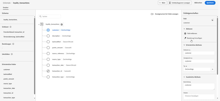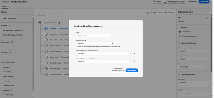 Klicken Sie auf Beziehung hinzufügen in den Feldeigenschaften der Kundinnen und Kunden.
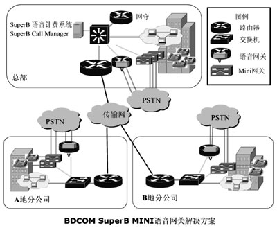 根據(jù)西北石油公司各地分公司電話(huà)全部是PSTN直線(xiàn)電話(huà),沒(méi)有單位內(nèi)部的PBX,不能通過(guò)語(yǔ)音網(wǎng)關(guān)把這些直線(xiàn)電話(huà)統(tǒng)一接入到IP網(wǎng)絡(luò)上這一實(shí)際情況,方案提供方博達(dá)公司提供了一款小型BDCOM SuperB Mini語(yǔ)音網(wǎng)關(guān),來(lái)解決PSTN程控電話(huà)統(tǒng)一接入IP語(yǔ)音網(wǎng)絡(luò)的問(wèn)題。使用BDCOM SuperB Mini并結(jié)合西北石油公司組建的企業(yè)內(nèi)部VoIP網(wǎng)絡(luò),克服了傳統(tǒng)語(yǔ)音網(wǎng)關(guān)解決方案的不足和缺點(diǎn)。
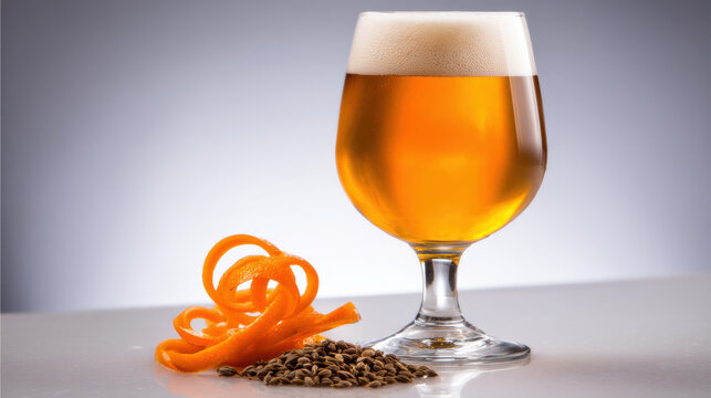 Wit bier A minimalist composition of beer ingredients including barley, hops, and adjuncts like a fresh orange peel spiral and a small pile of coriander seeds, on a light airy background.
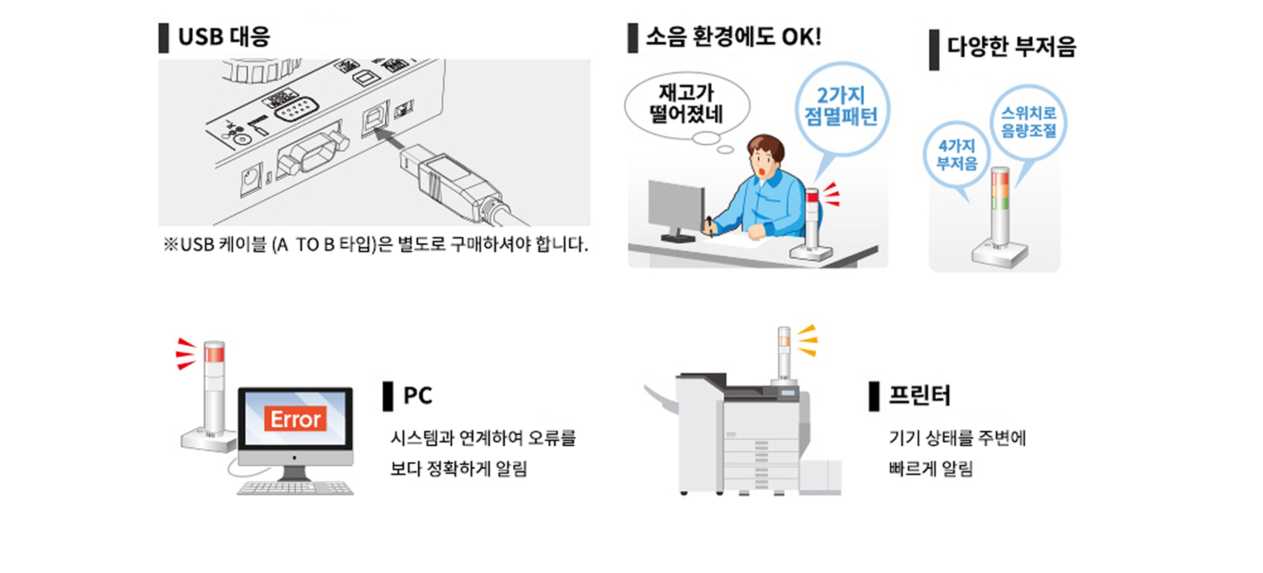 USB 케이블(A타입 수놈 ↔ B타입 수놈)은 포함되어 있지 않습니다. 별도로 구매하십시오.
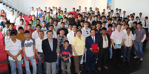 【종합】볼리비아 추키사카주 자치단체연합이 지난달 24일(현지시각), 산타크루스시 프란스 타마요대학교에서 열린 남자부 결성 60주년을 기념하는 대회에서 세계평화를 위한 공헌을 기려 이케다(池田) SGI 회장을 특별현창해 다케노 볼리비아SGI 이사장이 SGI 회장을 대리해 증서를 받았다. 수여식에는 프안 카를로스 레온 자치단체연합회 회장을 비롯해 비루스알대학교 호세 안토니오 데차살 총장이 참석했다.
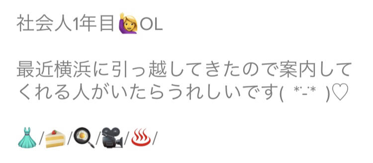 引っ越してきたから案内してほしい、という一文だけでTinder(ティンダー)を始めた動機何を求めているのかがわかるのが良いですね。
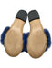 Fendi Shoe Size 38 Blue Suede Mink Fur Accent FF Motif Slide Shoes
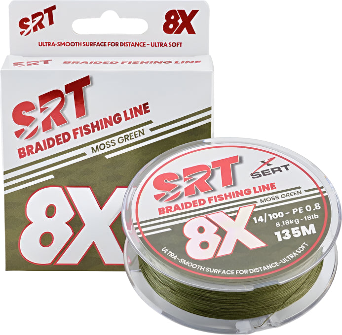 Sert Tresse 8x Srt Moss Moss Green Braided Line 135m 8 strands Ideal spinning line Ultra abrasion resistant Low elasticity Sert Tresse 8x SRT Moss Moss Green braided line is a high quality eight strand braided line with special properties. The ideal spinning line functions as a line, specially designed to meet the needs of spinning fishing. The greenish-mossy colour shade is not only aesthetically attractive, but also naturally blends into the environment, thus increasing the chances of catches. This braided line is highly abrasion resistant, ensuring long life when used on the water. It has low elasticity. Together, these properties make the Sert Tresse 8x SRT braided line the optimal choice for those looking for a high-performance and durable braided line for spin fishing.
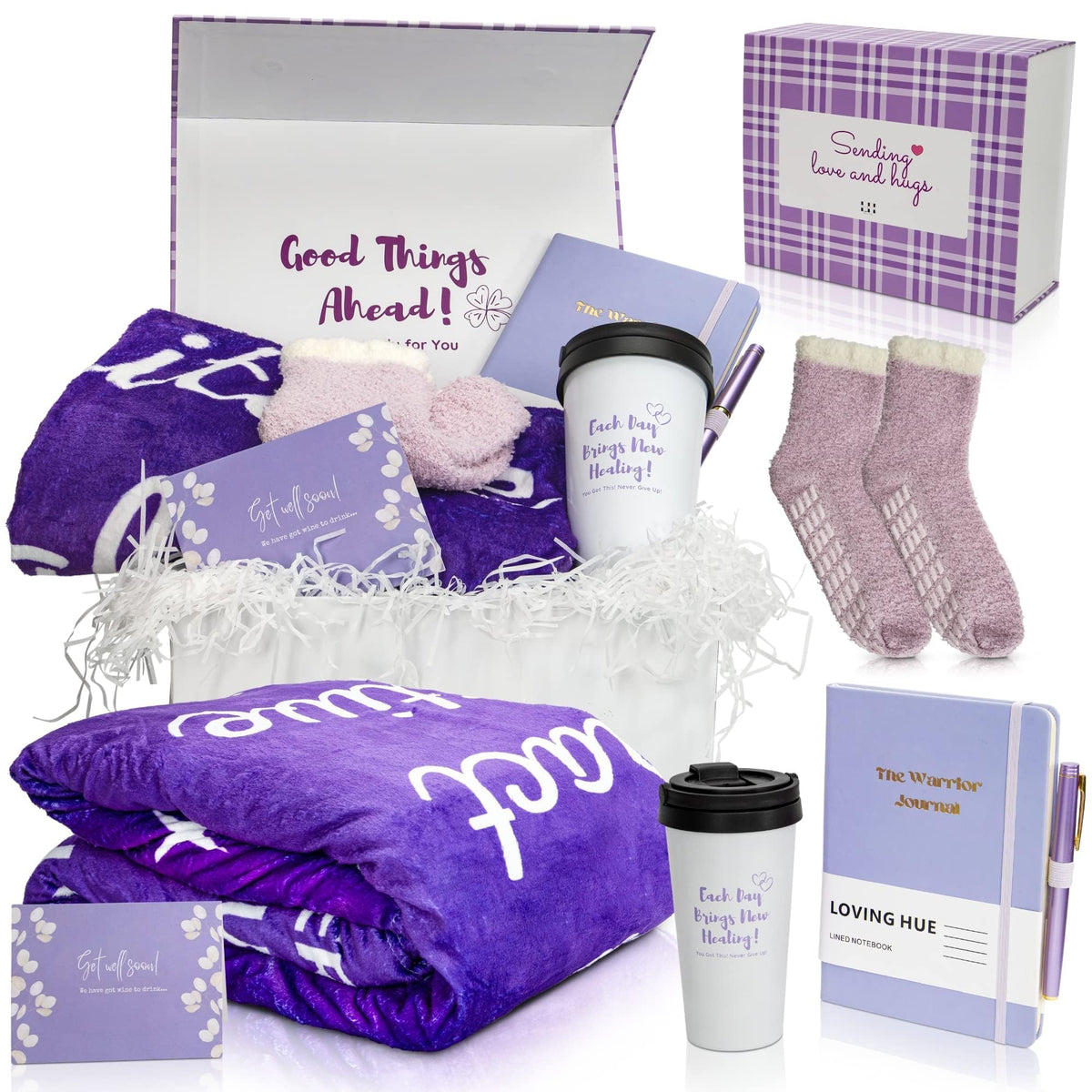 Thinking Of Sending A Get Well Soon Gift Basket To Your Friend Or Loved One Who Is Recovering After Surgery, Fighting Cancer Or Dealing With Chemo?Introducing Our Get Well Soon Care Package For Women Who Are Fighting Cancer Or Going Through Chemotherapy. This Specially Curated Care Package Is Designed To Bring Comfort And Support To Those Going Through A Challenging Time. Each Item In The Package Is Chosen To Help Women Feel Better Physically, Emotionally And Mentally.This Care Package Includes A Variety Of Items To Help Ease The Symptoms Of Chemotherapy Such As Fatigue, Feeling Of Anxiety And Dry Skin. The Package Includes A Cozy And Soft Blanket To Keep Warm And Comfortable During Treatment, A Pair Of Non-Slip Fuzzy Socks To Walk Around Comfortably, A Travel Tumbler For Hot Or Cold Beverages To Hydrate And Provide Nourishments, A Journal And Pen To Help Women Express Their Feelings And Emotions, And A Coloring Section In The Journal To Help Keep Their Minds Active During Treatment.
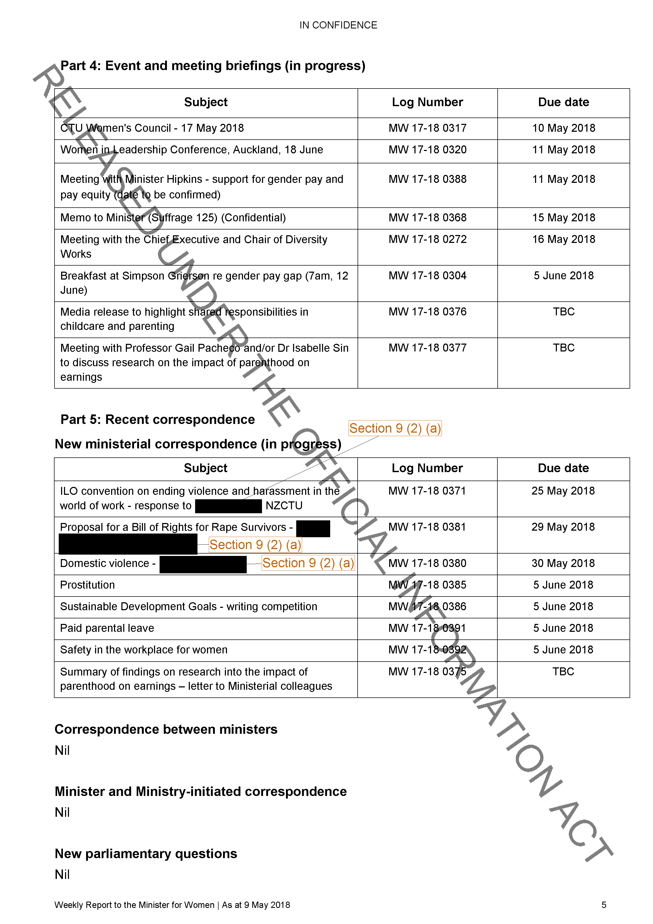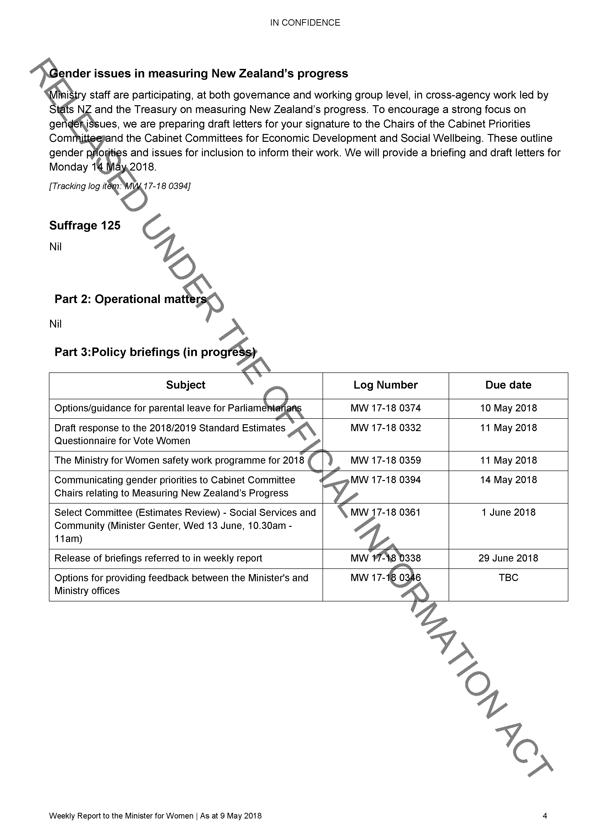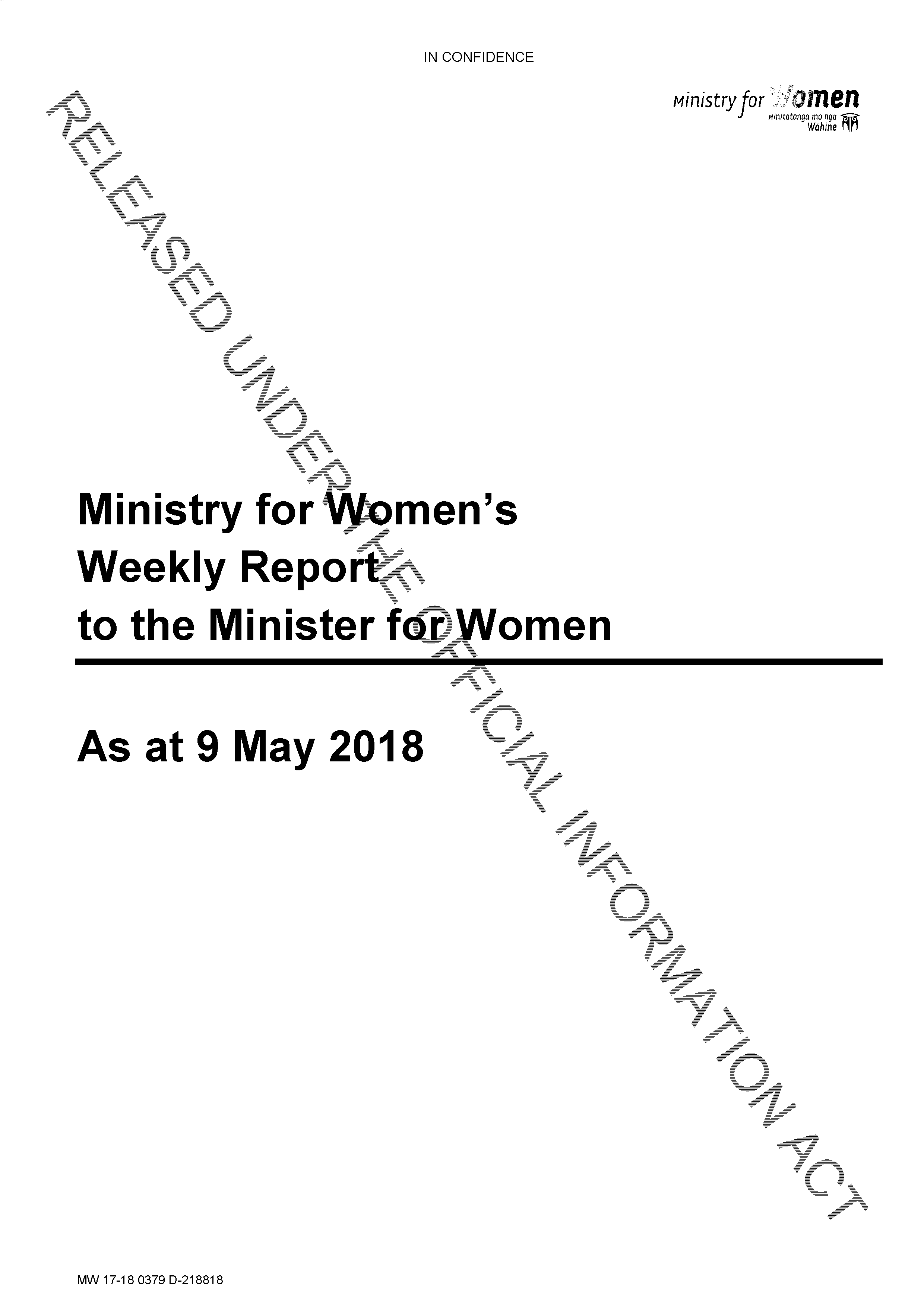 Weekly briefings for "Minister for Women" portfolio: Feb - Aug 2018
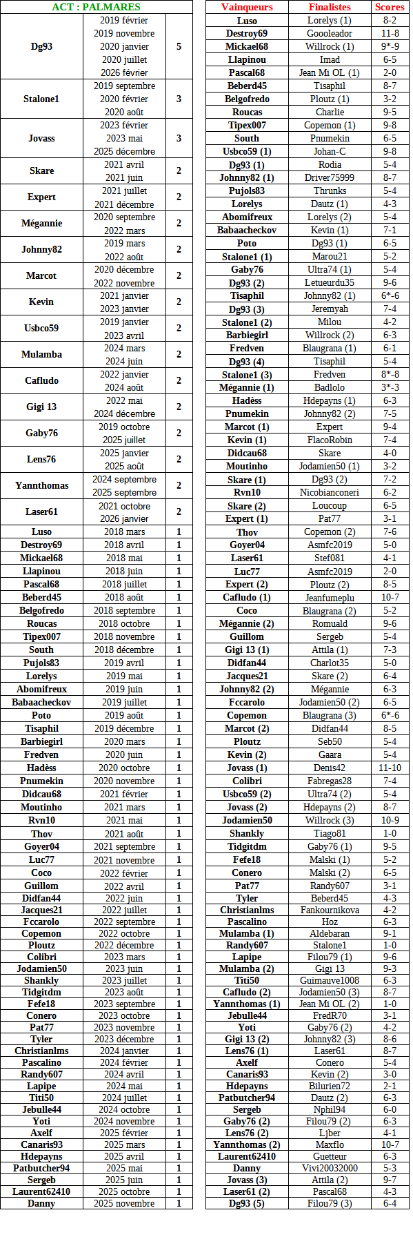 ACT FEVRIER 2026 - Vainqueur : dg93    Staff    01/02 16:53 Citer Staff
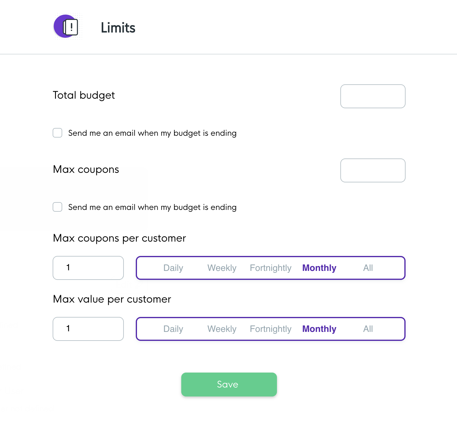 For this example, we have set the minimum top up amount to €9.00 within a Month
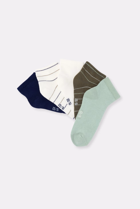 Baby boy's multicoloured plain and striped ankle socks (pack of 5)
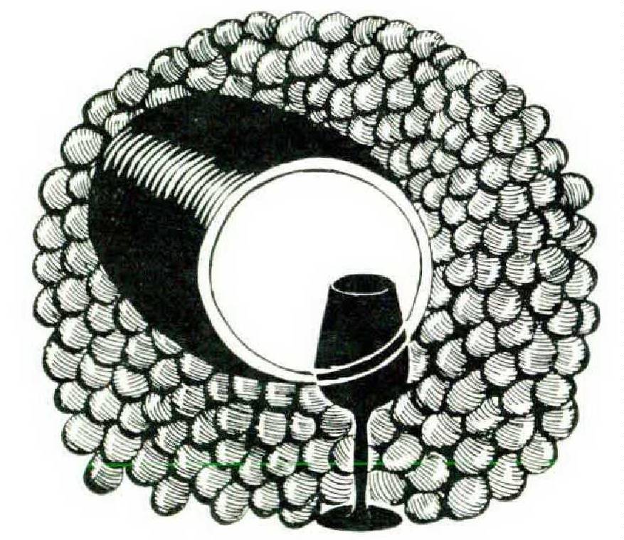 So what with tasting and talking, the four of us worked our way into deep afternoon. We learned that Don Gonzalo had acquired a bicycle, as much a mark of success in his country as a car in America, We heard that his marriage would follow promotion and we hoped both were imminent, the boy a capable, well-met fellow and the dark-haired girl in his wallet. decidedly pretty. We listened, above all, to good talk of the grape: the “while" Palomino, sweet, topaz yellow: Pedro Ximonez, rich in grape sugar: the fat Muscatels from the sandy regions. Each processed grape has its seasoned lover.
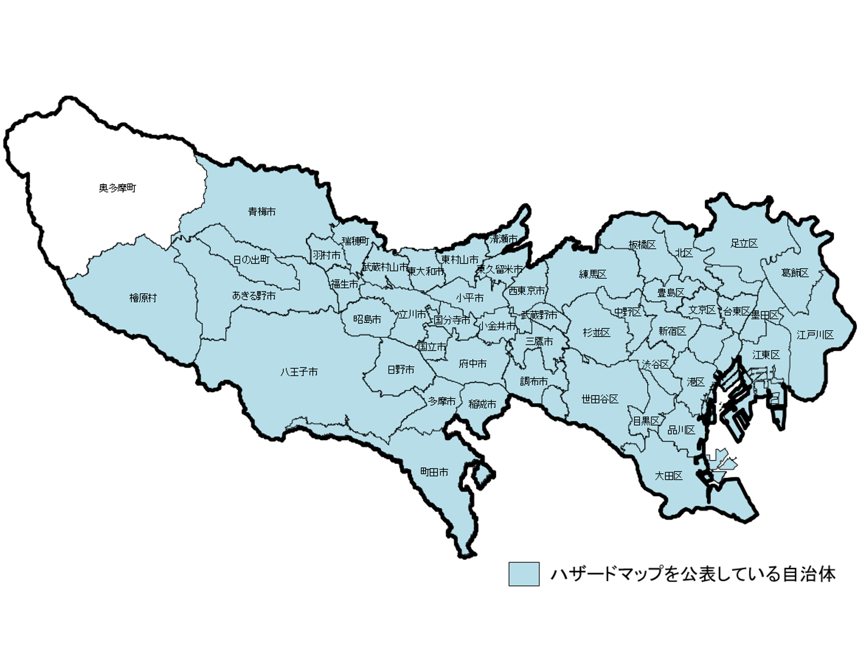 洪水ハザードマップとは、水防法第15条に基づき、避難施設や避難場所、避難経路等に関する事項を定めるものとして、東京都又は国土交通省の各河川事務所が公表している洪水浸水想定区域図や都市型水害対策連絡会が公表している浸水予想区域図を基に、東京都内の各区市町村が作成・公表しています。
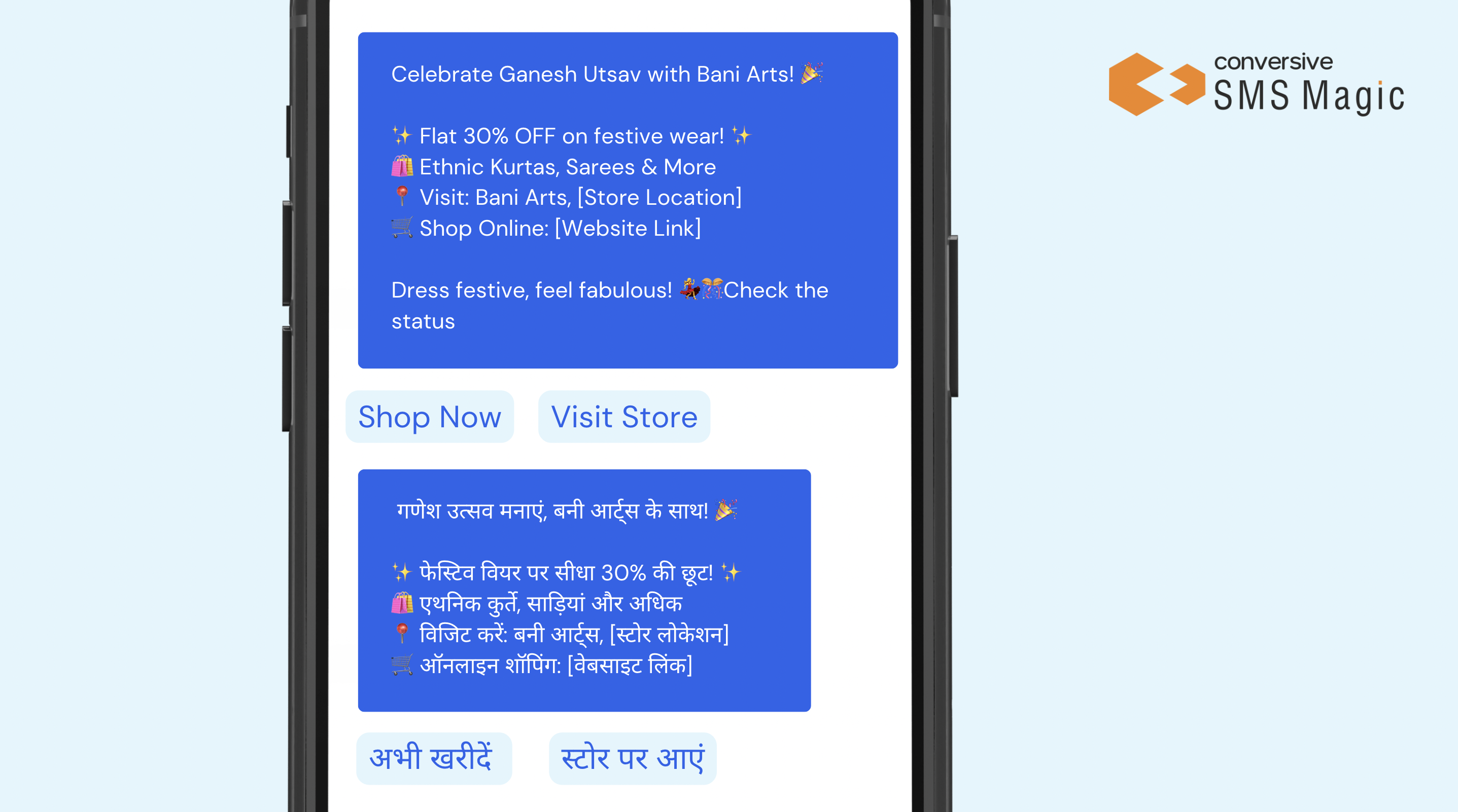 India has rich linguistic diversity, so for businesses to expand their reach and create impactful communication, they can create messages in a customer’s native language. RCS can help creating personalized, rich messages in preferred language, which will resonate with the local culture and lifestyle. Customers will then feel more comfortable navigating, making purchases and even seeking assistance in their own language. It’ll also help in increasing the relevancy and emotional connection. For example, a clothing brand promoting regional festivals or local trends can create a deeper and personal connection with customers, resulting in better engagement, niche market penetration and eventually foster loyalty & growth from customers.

**********

Your goal =>
What you write out is the stretch of entries from the line containing "Wit bier A minimalist" to the line containing "USB 케이블(A타입 수놈", word for word, with both end lines and no pictures.

Reply to the exercise =>
 Wit bier A minimalist composition of beer ingredients including barley, hops, and adjuncts like a fresh orange peel spiral and a small pile of coriander seeds, on a light airy background.
 USB 케이블(A타입 수놈 ↔ B타입 수놈)은 포함되어 있지 않습니다. 별도로 구매하십시오.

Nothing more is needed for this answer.